À force d'accumulation d'anecdotes autour de cas de suicides ou de troubles à la santé mentale, qui auraient été engendré par des discussions avec des chatbots, une nouvelle expression est née aux États-Unis. Elle porte le nom de « AI psychosis », la psychose des IA. Pour le moment, il n'y a rien de scientifique et les études sur le sujet ne font que débuter. En revanche, des pistes permettent déjà d'évaluer les situations durant lesquelles des situations où des conversations intensives avec une IA semblent contribuer au développement ou à l'aggravation de comportements mentaux pouvant être dangereux chez des personnes prédisposées.

Starting today, memory in ChatGPT can now reference all of your past chats to provide more personalized responses, drawing on your preferences and interests to make it even more helpful for writing, getting advice, learning, and beyond. pic.twitter.com/s9BrWl94iY

— OpenAI (@OpenAI) April 10, 2025
En avril 2024, Sam Altman, le patron d’OpenAI annonçait l’arrivée d’une mémoire permanente dans ChatGPT. Si les médias se sont focalisés sur ce chatbot et les dangers de cette capacité à mémoriser l’historique des conversation, ChatGPT n’est pas la seule IA dotée de cette mémoire. Mais la communication spectaculaire d’OpenAI et la popularité massive de ChatGPT explique pourquoi les critiques autour de ce phénomène de psychose IA sont focalisés sur ce modèle. © OpenAI

Une bonne mémoire qui peut être un désavantage

L'IA apparait comme facteur aggravant chez des individus déjà vulnérables, en raison de sa tendance à confirmer les affirmations de l'utilisateur plutôt qu'à les contredire frontalement. Ce biais, certes utile pour maintenir une conversation fluide, est dangereux lorsqu'il valide des idées manifestement délirantes. Et, il apparait que le phénomène s'est amplifié depuis le dernier trimestre de l'année dernière.

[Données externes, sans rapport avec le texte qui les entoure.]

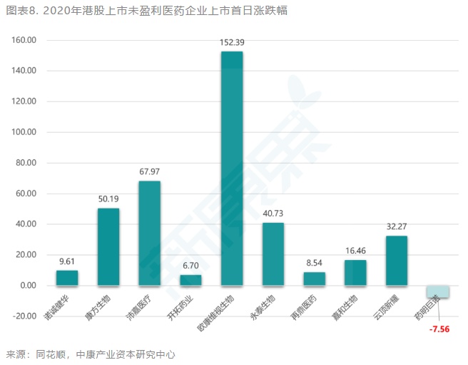 2020年11月3日,药明康德与JunoTherapeutics对等股权投资创办的药明巨诺(JW Therapeutics)在港交所挂牌上市,发行价每股23.8港元,当日以22.00港元收盘,较发行价下跌7.56%。截至目前,在2020年10家登陆港股的未盈利医药企业,仅有药明巨诺在上市首日破发(图表8)。
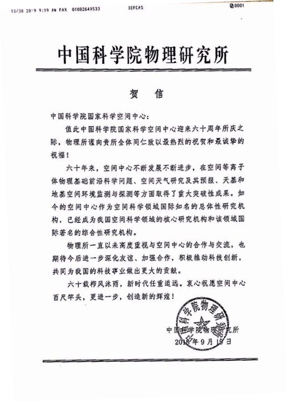 中国科学院物理研究所贺信
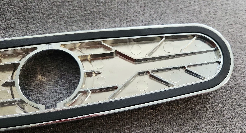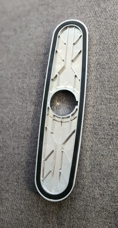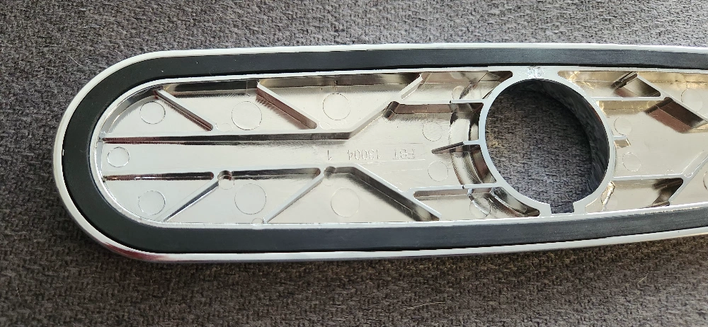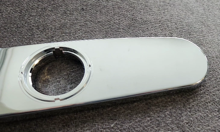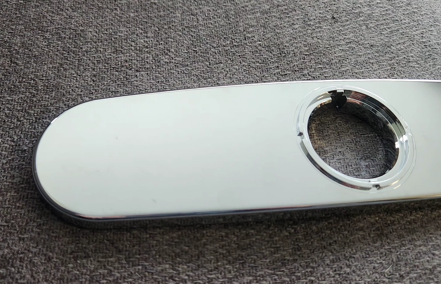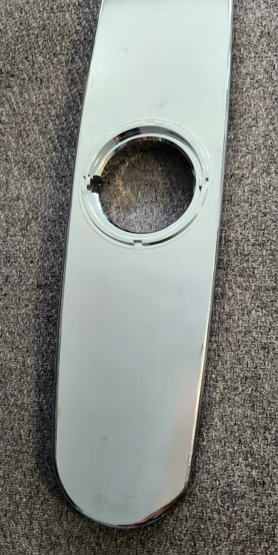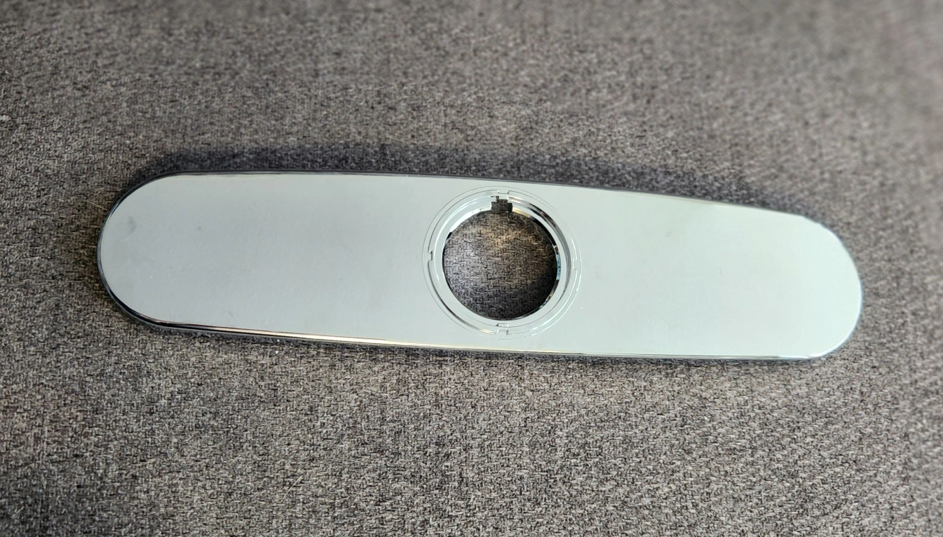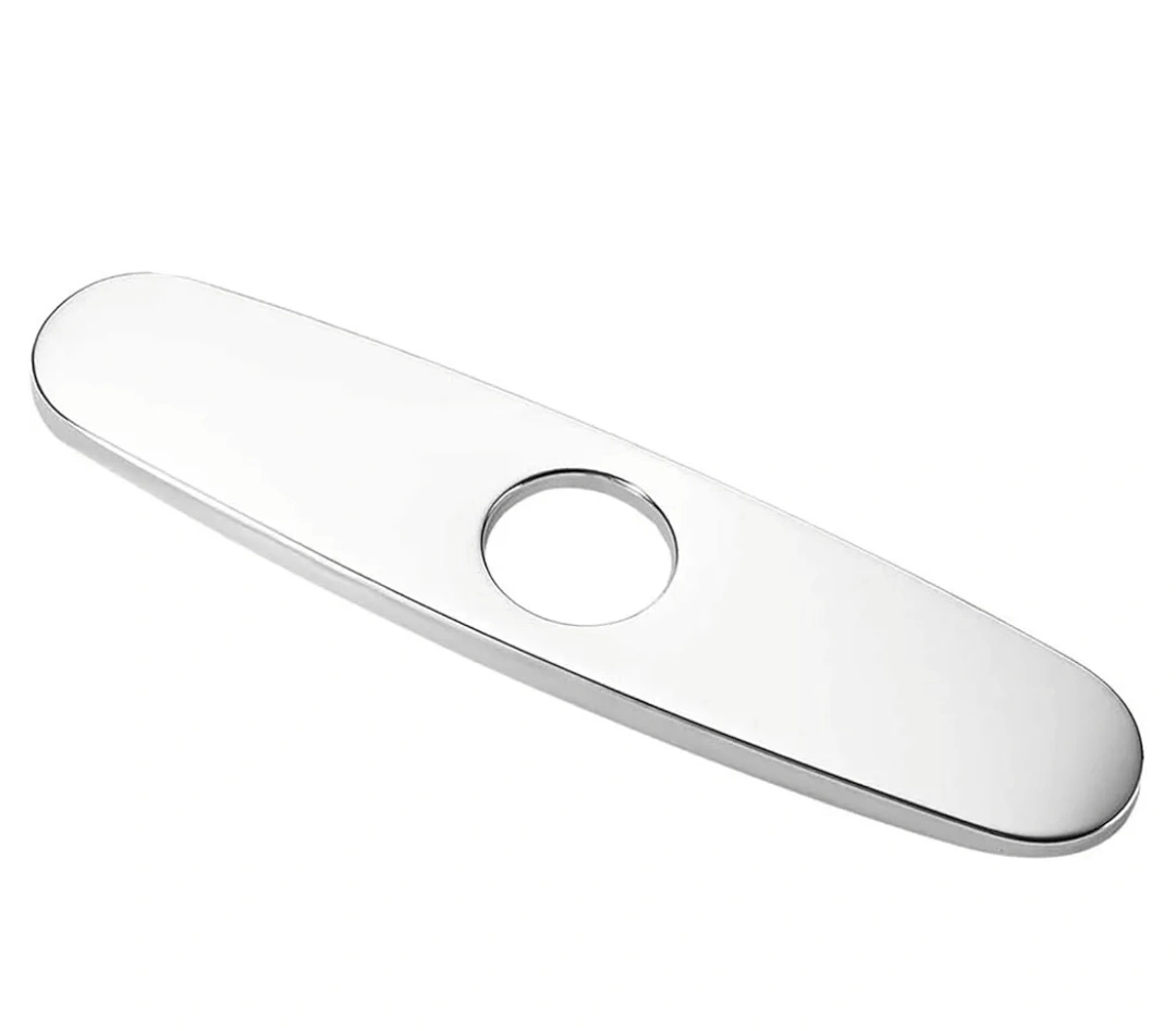 Brand new chrome faucet deck plate with rubberized bottom. Oval shape. Suitable for bathroom or kitchen sink. Compatible with most single hole sinks or allows single hole faucet to be installed over 3 hole sinks. Measurements: Length: 10.25"' Width: 2.5'' Thickness: 0.3" Hole diameter: 1.5''
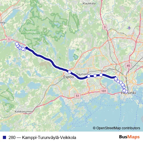 Bus 280 - Kamppi-Turunväylä-Veikkola: Full Schedule in Helsinki
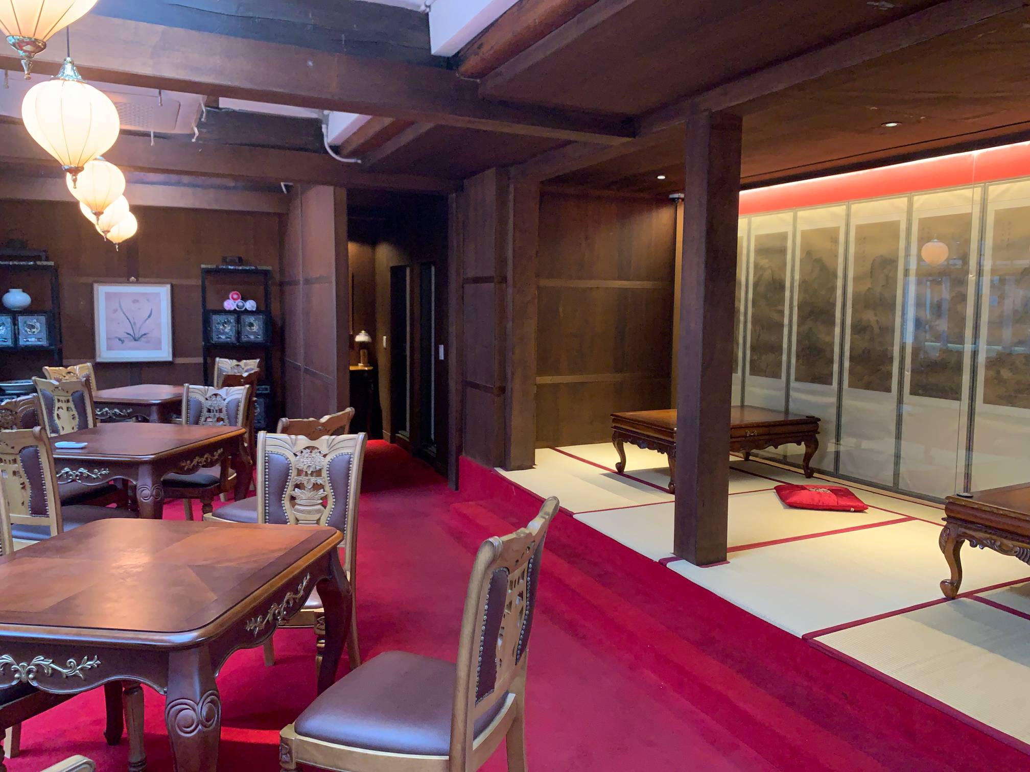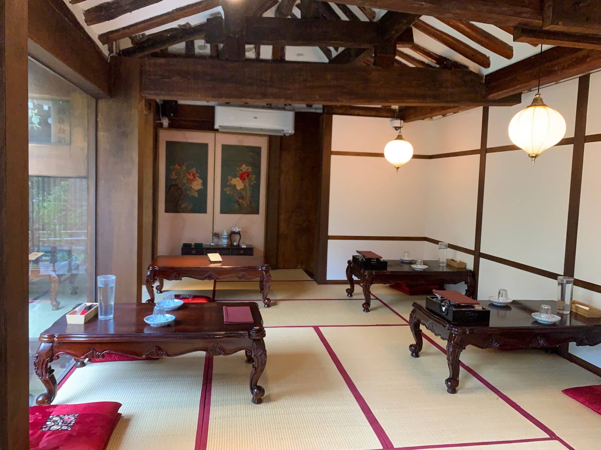 이 자리도 꽤 괜찮은 듯. 어디 고급 중국집 같은 느낌이 들기도 하는데 병풍도 있고 해서 고풍스러운 느낌이 좋다.
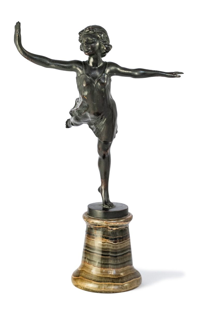 Stephen Schwartz. "Dancing Girl". Ca. 1910. Bronze cast set on a marble base. 10 ½" high, 7" wide, diameter: 6 ½". Signed: "St. Schwartz Austria" on base. Ex Carleton Collection.
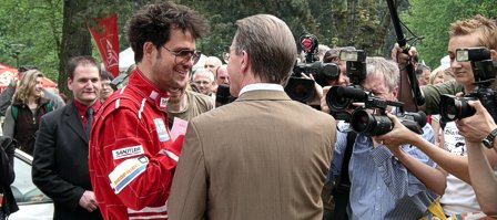 seinen Ausgang nimmt. Gegen 16.00 Uhr begrüßte die Rennleitung den neuen SPD-Chef Franz Müntefering vor der Rallyebühne, nachdem er
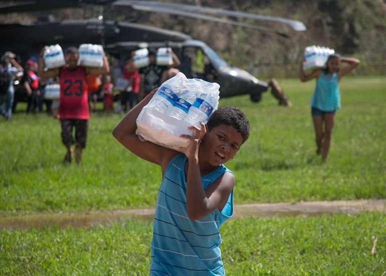 Residents of Jayuga, Puerto Rico, unload food and water from an Army Black Hawk helicopter assigned to the 101st Combat Aviation Brigade, 101st Airborne Division on Oct. 18. Credit: U.S. Army Cyber Command
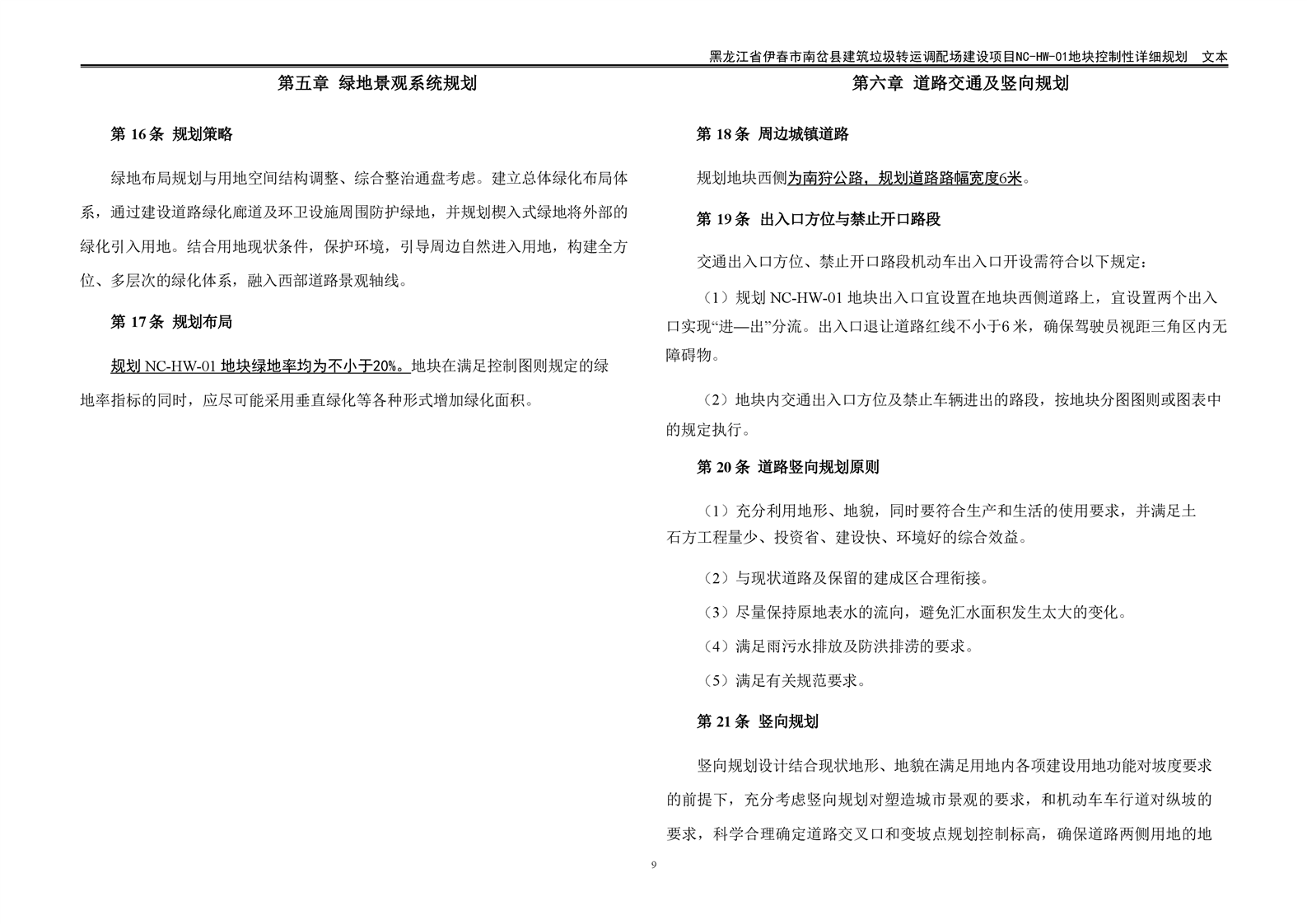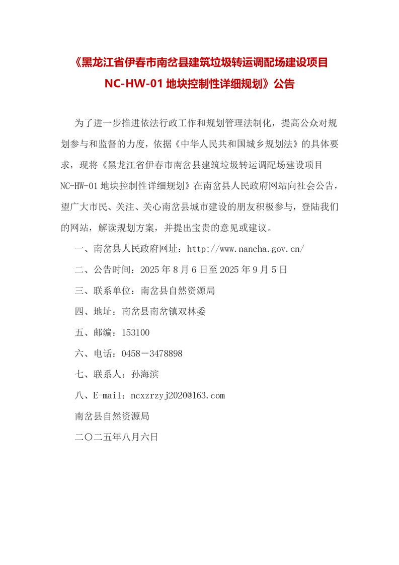 《黑龙江省伊春市南岔县建筑垃圾转运调配场建设项目NC-HW-01 地块控制性详细规划》公告

C'est à partir de cette époque, que la plupart des IA ont déployé, ce qu'on appelle une mémoire persistante dans leurs chatbots. Qu'il s'agisse d'OpenAI, Google, Anthropic, X avec Grok et même MistralAI, tous ont remplacé la mémoire dite : "blocnote" qui servait à une conversation, par une mémoire de tous les échanges et de tous les historiques de discussions. Le fait que l'IA retienne toutes les interactions, même les plus intimes, avec de nombreux détails personnels, permet de personnaliser les dialogues et de créer une « relation » plus importante et profonde avec l'IA. Et le problème, c'est que pour renforcer cette expérience, l'IA peut se servir de ces détails pour n'importe quel sujet de discussion. C'est cette tendance qui vient renforcer le phénomène de psychose IA. Pour le moment, si les cas particuliers s'accumulent aux États-Unis, pour l'Europe et la France il n'y a aucune affaire comparable encore documentée.

Des chercheurs de l’université de Dartmouth explore l'IA générative pour le traitement de la santé mentale et souhaitent offrir une alternative aux applications non régulées. © Aonu, Adobe Stock (image générée avec IA)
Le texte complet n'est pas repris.